WORK INSTRUCTION: Word for word, give the data again without its pictures.

EXTRACTED ENTRIES:
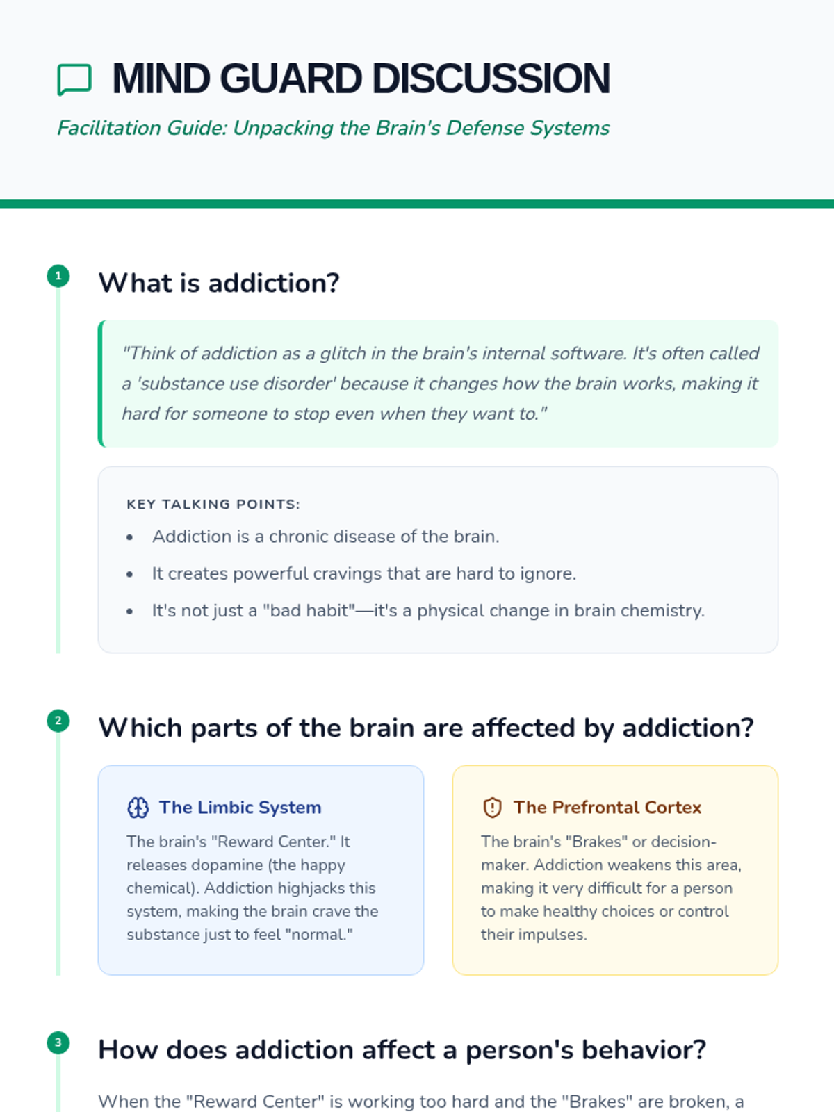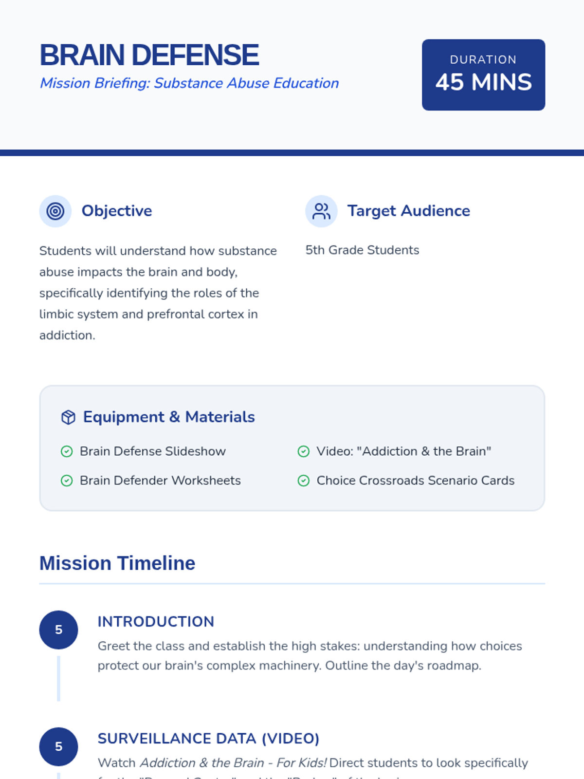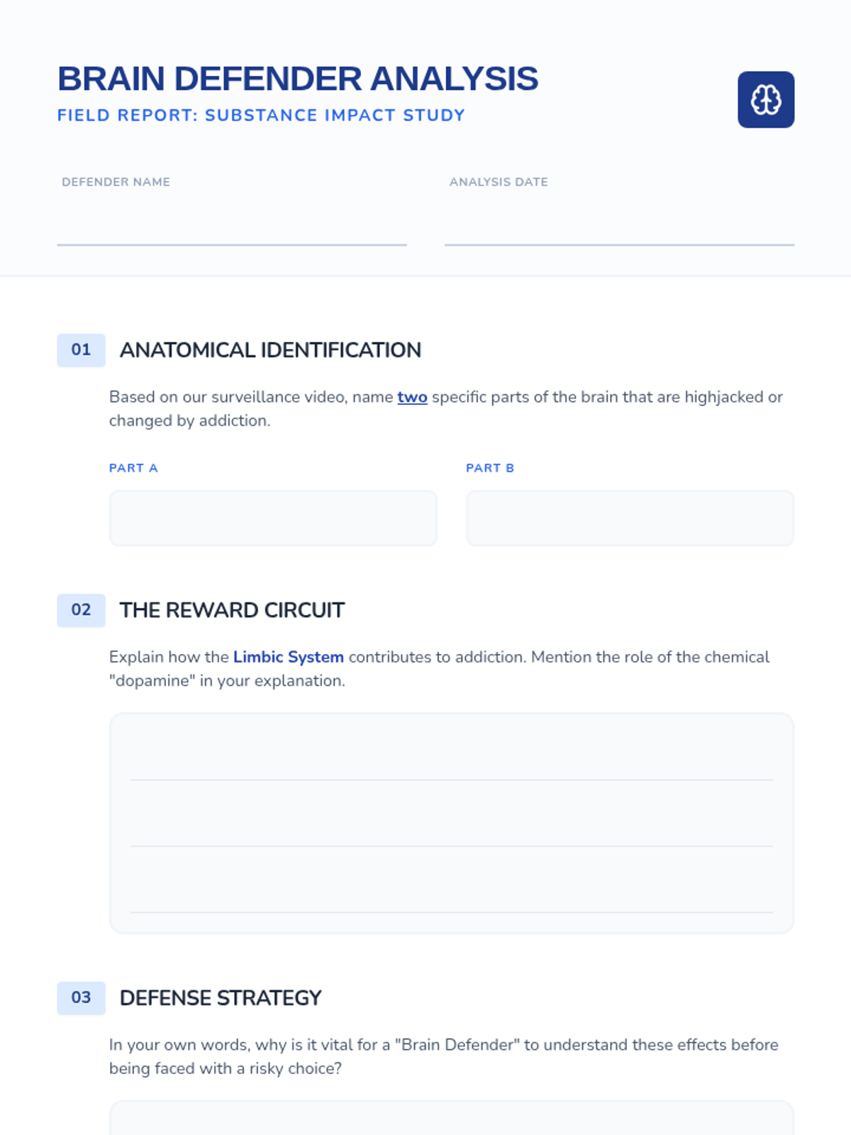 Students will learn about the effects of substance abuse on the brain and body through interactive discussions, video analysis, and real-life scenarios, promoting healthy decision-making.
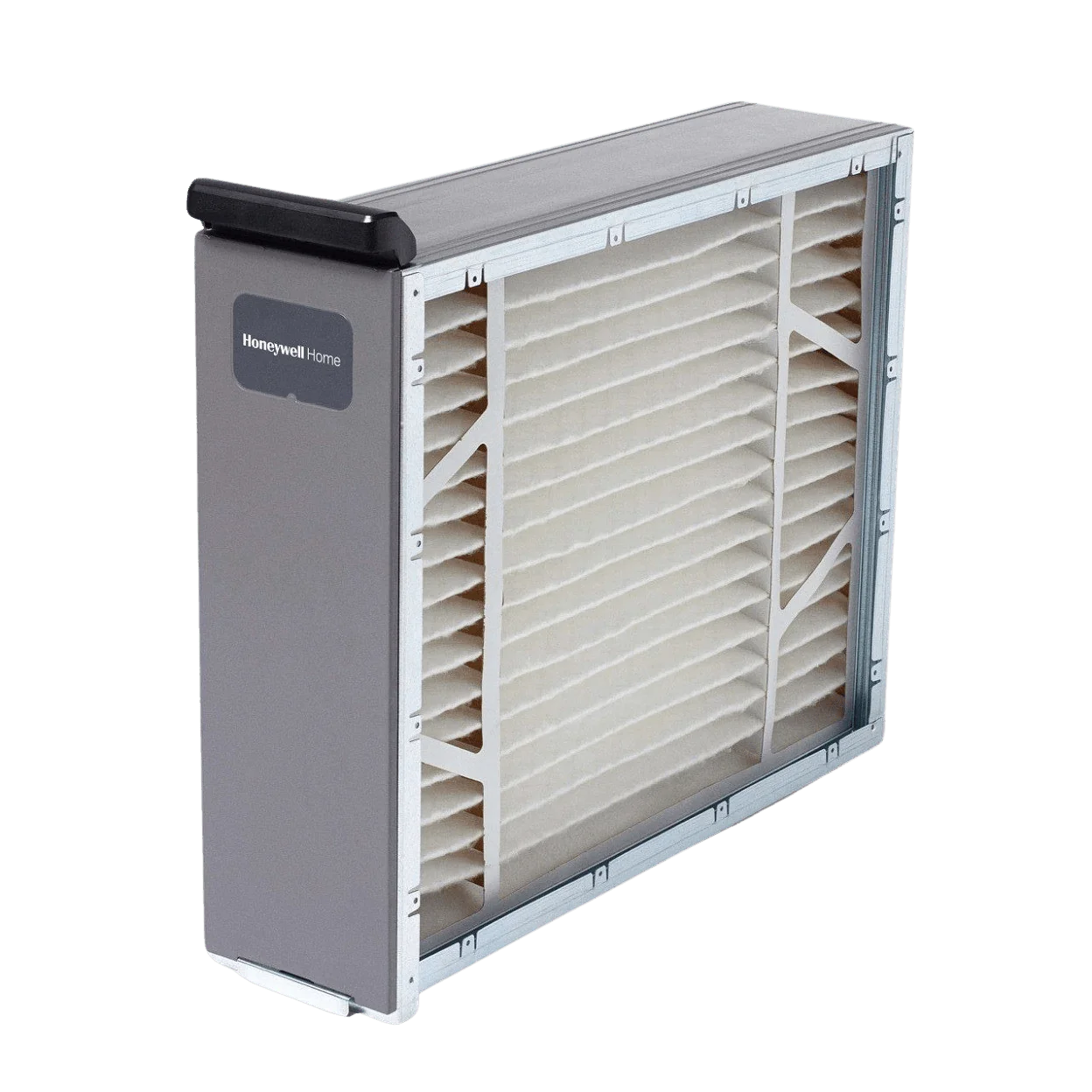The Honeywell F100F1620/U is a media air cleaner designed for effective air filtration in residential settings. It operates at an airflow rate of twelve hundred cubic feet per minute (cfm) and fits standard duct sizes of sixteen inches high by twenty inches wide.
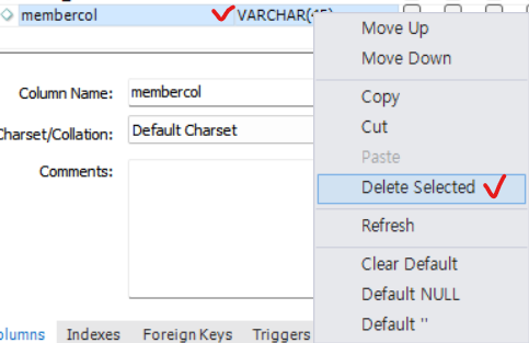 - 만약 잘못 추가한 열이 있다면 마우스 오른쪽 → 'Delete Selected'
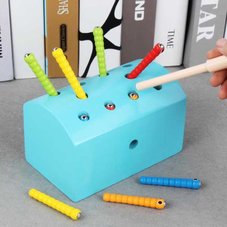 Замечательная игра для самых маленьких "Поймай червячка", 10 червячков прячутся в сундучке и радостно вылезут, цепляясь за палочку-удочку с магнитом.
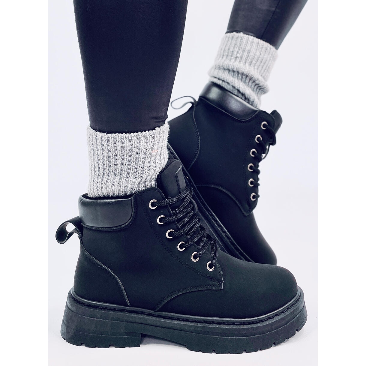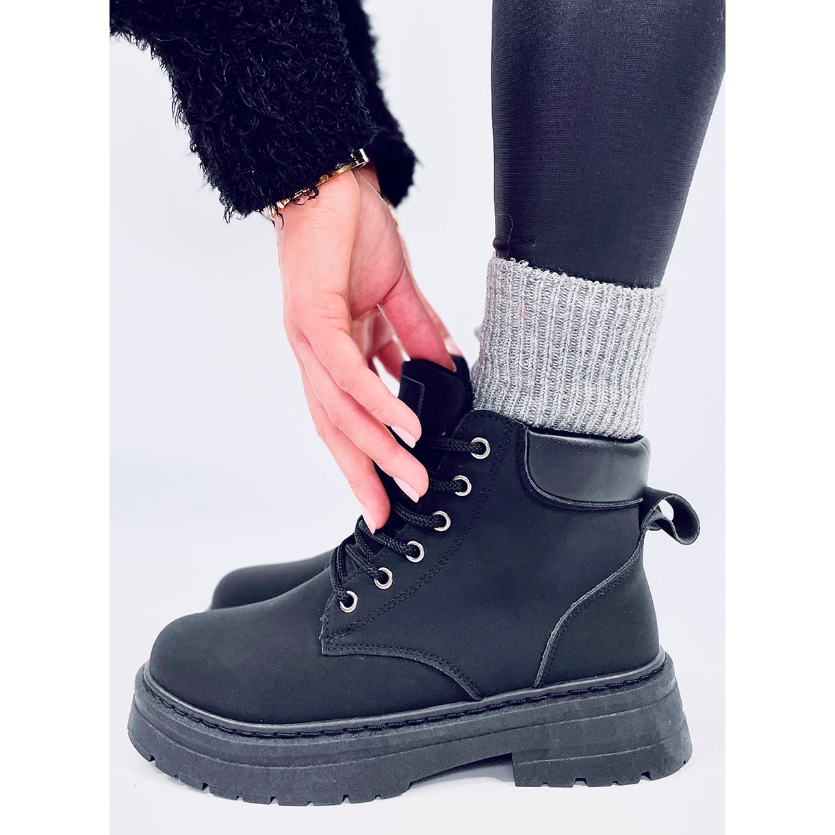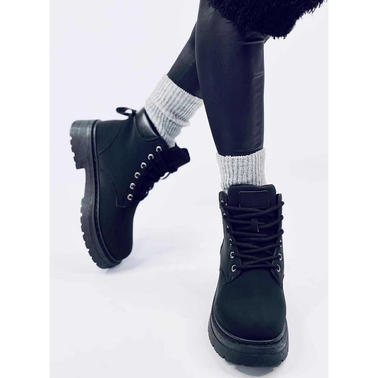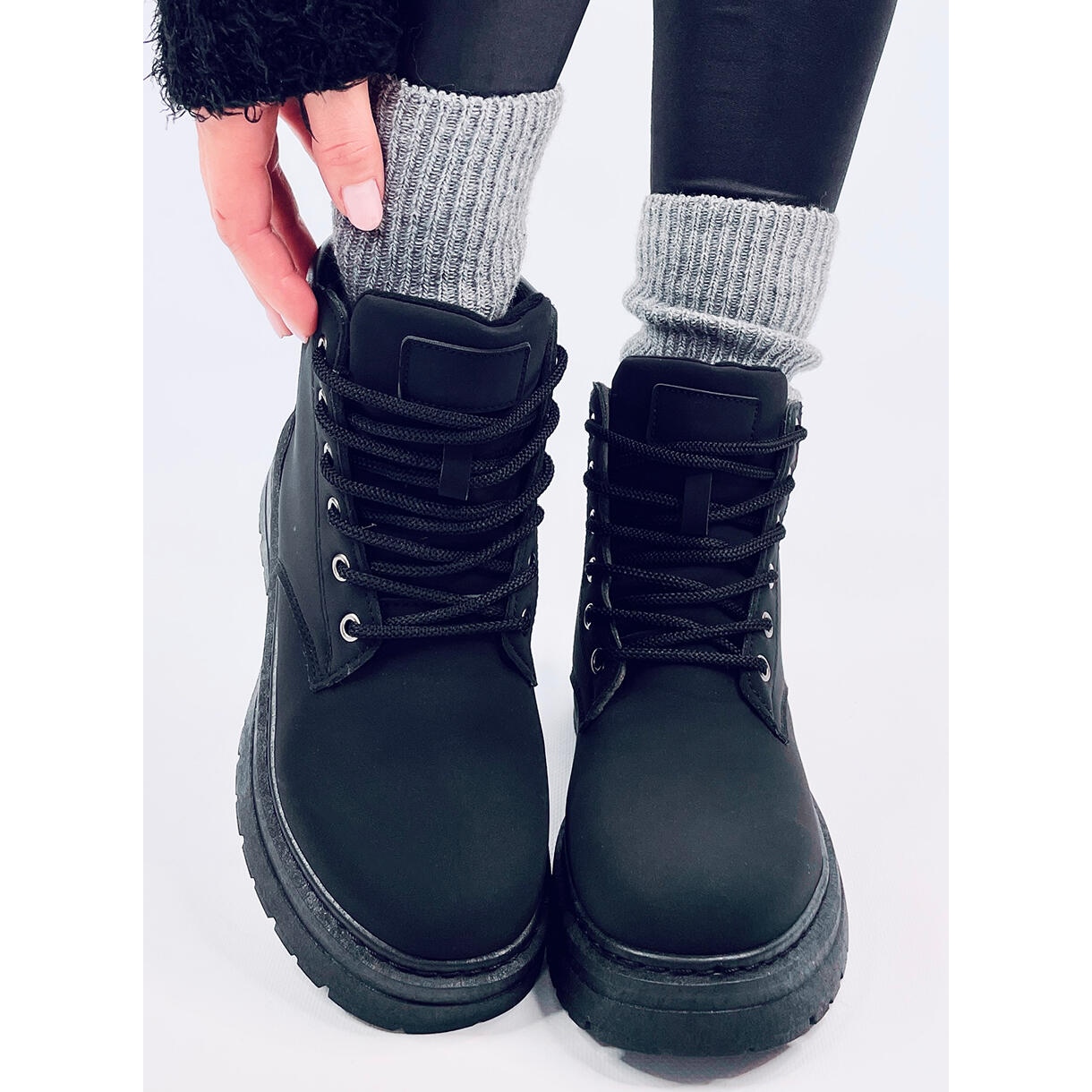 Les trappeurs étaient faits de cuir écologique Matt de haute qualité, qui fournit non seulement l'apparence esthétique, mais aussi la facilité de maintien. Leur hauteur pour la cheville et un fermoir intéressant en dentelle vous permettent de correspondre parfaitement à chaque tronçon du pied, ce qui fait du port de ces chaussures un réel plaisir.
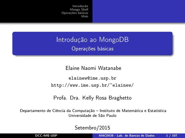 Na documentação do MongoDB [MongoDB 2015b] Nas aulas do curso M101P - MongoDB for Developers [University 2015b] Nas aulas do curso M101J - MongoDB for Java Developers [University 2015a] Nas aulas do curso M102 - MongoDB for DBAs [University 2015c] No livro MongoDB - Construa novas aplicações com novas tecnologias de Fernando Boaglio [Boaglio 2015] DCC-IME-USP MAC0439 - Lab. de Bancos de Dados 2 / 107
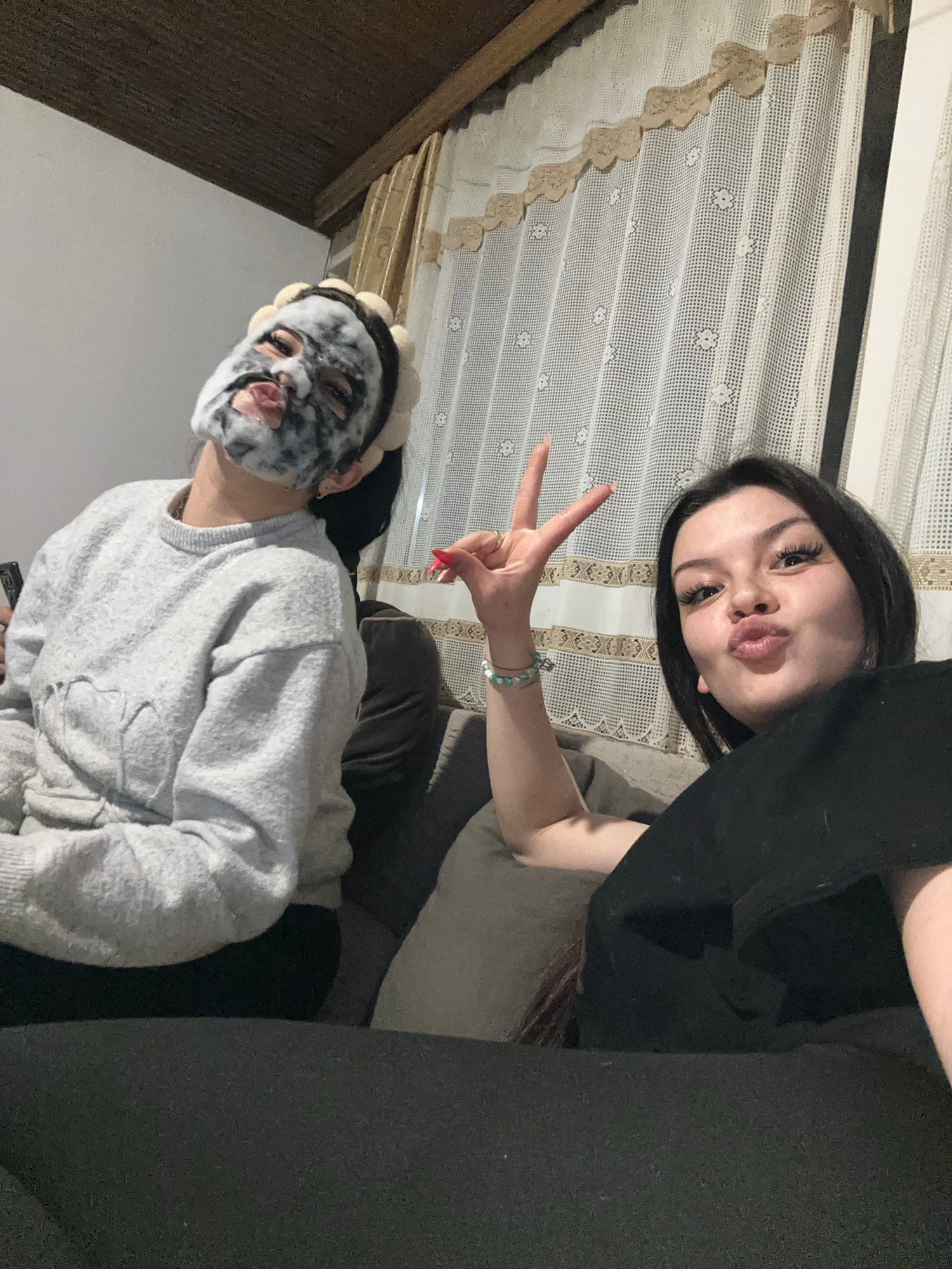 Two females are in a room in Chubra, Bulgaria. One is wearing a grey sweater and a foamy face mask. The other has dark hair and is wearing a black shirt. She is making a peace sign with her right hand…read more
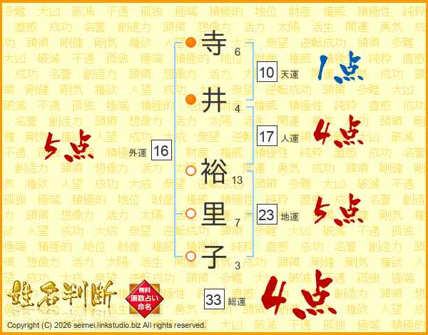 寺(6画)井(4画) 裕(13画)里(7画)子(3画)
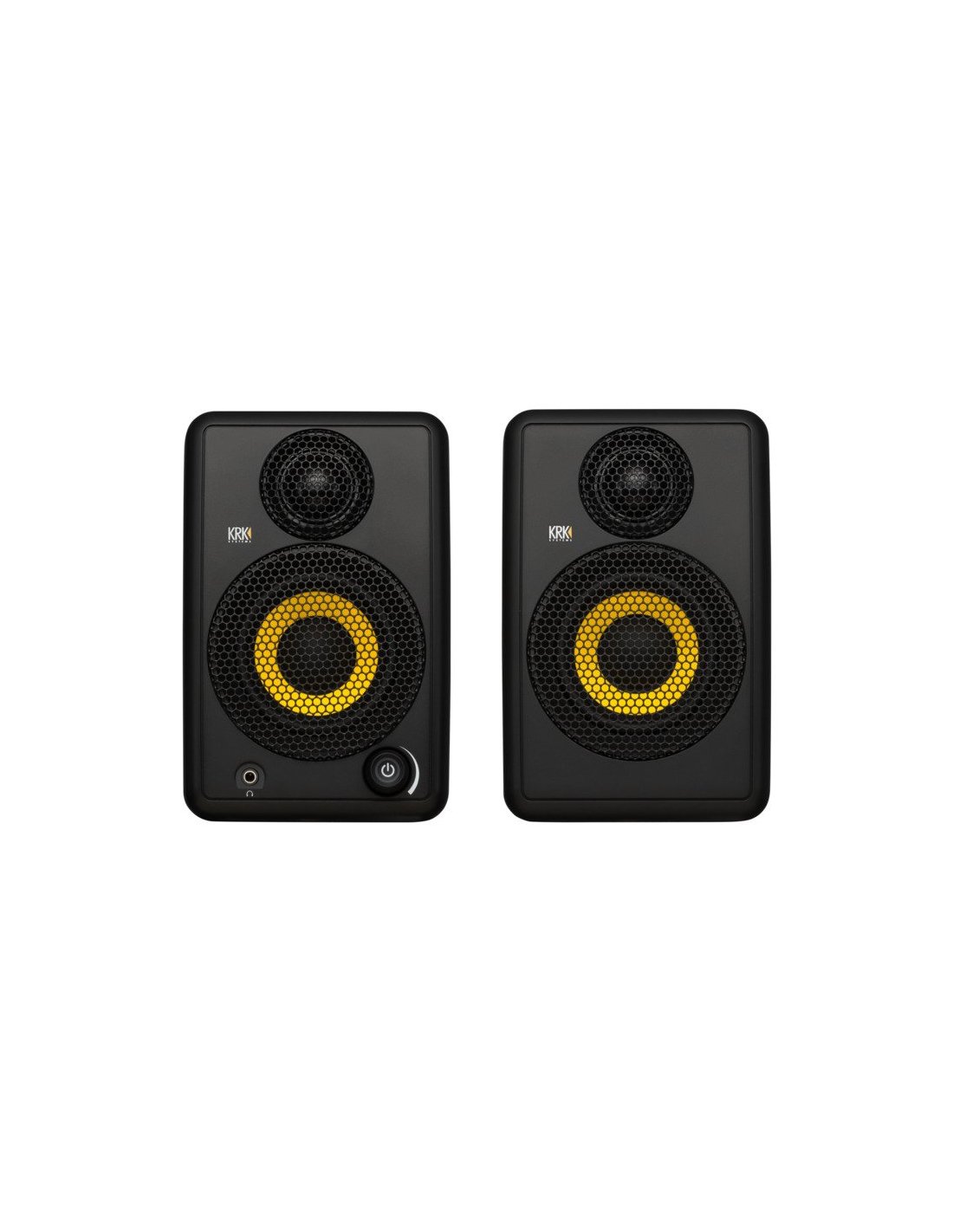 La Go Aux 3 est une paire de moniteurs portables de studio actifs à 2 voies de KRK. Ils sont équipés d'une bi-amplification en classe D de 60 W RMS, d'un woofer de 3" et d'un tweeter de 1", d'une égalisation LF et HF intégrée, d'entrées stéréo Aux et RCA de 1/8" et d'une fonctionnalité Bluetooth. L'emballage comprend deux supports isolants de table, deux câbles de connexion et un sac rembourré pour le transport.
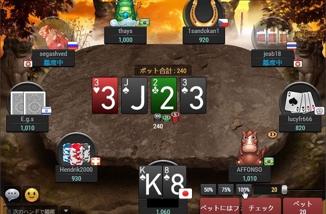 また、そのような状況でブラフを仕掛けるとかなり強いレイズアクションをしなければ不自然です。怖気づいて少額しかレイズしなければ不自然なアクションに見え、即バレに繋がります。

ANSWER TO THIS EXERCISE:
 Students will learn about the effects of substance abuse on the brain and body through interactive discussions, video analysis, and real-life scenarios, promoting healthy decision-making.
The Honeywell F100F1620/U is a media air cleaner designed for effective air filtration in residential settings. It operates at an airflow rate of twelve hundred cubic feet per minute (cfm) and fits standard duct sizes of sixteen inches high by twenty inches wide.
 - 만약 잘못 추가한 열이 있다면 마우스 오른쪽 → 'Delete Selected'
 Замечательная игра для самых маленьких "Поймай червячка", 10 червячков прячутся в сундучке и радостно вылезут, цепляясь за палочку-удочку с магнитом.
 Les trappeurs étaient faits de cuir écologique Matt de haute qualité, qui fournit non seulement l'apparence esthétique, mais aussi la facilité de maintien. Leur hauteur pour la cheville et un fermoir intéressant en dentelle vous permettent de correspondre parfaitement à chaque tronçon du pied, ce qui fait du port de ces chaussures un réel plaisir.
 Na documentação do MongoDB [MongoDB 2015b] Nas aulas do curso M101P - MongoDB for Developers [University 2015b] Nas aulas do curso M101J - MongoDB for Java Developers [University 2015a] Nas aulas do curso M102 - MongoDB for DBAs [University 2015c] No livro MongoDB - Construa novas aplicações com novas tecnologias de Fernando Boaglio [Boaglio 2015] DCC-IME-USP MAC0439 - Lab. de Bancos de Dados 2 / 107
 Two females are in a room in Chubra, Bulgaria. One is wearing a grey sweater and a foamy face mask. The other has dark hair and is wearing a black shirt. She is making a peace sign with her right hand…read more
 寺(6画)井(4画) 裕(13画)里(7画)子(3画)
 La Go Aux 3 est une paire de moniteurs portables de studio actifs à 2 voies de KRK. Ils sont équipés d'une bi-amplification en classe D de 60 W RMS, d'un woofer de 3" et d'un tweeter de 1", d'une égalisation LF et HF intégrée, d'entrées stéréo Aux et RCA de 1/8" et d'une fonctionnalité Bluetooth. L'emballage comprend deux supports isolants de table, deux câbles de connexion et un sac rembourré pour le transport.
 また、そのような状況でブラフを仕掛けるとかなり強いレイズアクションをしなければ不自然です。怖気づいて少額しかレイズしなければ不自然なアクションに見え、即バレに繋がります。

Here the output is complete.